I strongly recommend using this method, since the code will be much cleaner, and we no longer have to watch the limit on the input size.
Modify the existing regex to greatly reduce the impact of the implementation flaw which causes StackOverflowError.
Parse the input string
You can parse the input string with the following regex:
\G\s*+(\w++)=([^\s"]++|"[^"]*+")(?:\s++|$)
All quantifiers are made possessive (*+ instead of *, ++ instead of +), since the pattern I wrote doesn't need backtracking.
You can find the basic regex (\w++)=([^\s"]++|"[^"]*+") to match key-value pairs in the middle.
\G is to make sure the match starts from where the last match leaves off.

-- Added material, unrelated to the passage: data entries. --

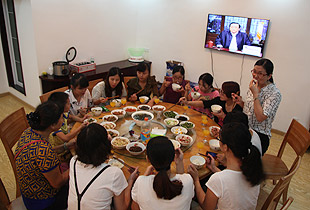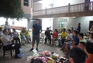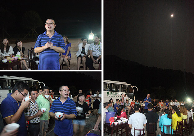 中秋圓月當(dāng)空照,綠韻山莊話家常。吃完晚餐,大家圍坐在寬敞的前坪,一場(chǎng)中秋月圓之夜的茶話會(huì)激情上演。大家暢所欲言地交流,伙伴們精心編排的“小蘋果”激情舞動(dòng),氛圍無(wú)比融洽。中醫(yī)養(yǎng)生專家、湖南中醫(yī)藥大學(xué)李定文教授為大家?guī)?lái)了“茶與人生”、“茶與健康”的精彩講演;公司常年法律顧問(wèn)尹湘南律師根據(jù)自己兩天來(lái)的親身體驗(yàn),暢談了心中所想、所思、所悟。隨后,大家開始玩起了“擊鼓傳花”的游戲,誰(shuí)接到鼓聲停止的那一棒就即興表演節(jié)目,有的清唱山歌,有點(diǎn)翩翩起舞,有的講起笑話,有的表演小品,其樂(lè)融融,親如一家。茶話會(huì)上,胡國(guó)安董事長(zhǎng)深情滿懷地說(shuō):“我家門前的小九溪,從著名的雪峰山深處走來(lái),拐個(gè)彎又不知疲倦地往外面的世界奔去。沿著這條小溪,我走過(guò)了童年、少年,明白了在群山之間蜿蜒奔流的小九溪的夢(mèng)想,明白了小九溪晝夜不舍奔向浩瀚汪洋的意義。我想,一個(gè)人、一支團(tuán)隊(duì)或者一個(gè)企業(yè),如果能夠像小九溪一樣,堅(jiān)韌執(zhí)著于夢(mèng)想,不畏萬(wàn)難咬目標(biāo),何愁不能成長(zhǎng)、發(fā)展,乃至基業(yè)長(zhǎng)青呢?這一次邀請(qǐng)優(yōu)秀黨員、員工來(lái)到我的家鄉(xiāng)做客,就是想讓大家深刻領(lǐng)悟‘水的精神’、‘家文化’的根本,切身明白‘綠之韻水的精神和家文化’存在于諸位人生、綠之韻發(fā)展中的重要意義?!?/span>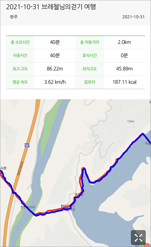 농다리에서 하늘다리까지 편도 40분 완주 완료!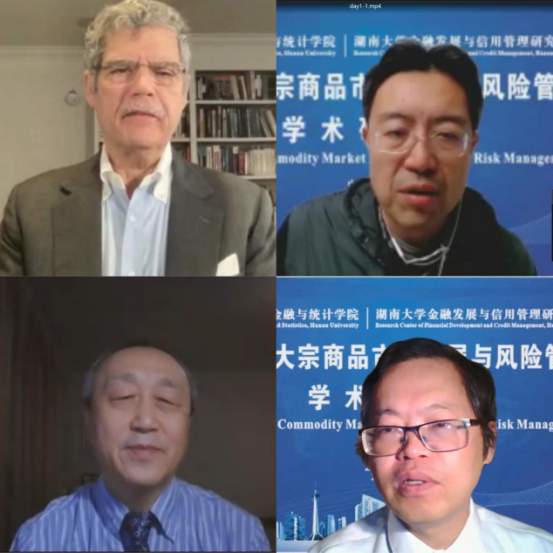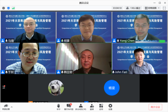 随后,五位学者以“后疫情时代的大宗商品”为主题开展了圆桌讨论。讨论由北京航空航天大学韩立岩教授主持,来自Texas A&M University的陈勇教授、University of Hawaii的刘千秋教授、Griffith University的樊华教授和海角 的马理教授等参与了讨论。本次讨论首先从通货膨胀和货币政策的角度探讨了外部冲击对大宗商品市场的影响。之后各位专家将视角由宏观转向微观,探讨了大宗商品价格上涨对小微企业的影响。最后,基于以上讨论,与会专家进一步探讨了大宗商品市场的发展趋势,提出了仍待解决的问题,并针对上述问题提供了针对性的政策建议。

It is used to prevent the engine from "bump-along" when it fails to match.
\s*+ and (?:\s++|$) are for consuming excess spaces. I specify (?:\s++|$) instead of \s*+ to prevent key="value"key=value from being recognized as valid input.
The full example code can be found below:
private static final Pattern KEY_VALUE = Pattern.compile("\\G\\s*+(\\w++)=([^\\s\"]++|\"[^\"]*+\")(?:\\s++|$)");
public static Map<String, String> parseKeyValue(String kvString) {
Matcher matcher = KEY_VALUE.matcher(kvString);
Map<String, String> output = new HashMap<String, String>();
int lastIndex = -1;
while (matcher.find()) {
output.put(matcher.group(1), matcher.group(2));
lastIndex = matcher.end();
}
// Make sure that we match everything from the input string
if (lastIndex != kvString.length()) {
return null;
}
return output;
}
You might want to unquote the values, depending on your requirement.
You can also rewrite the function to pass a List of keys you want to extract, and pick them out in the while loop as you go to avoid storing keys that you don't care about.
Modify the regex
The problem is due to the outer repetition (?:[^"]|"[^"]*")* being implemented with recursion, leading to StackOverflowError when the input string is long enough.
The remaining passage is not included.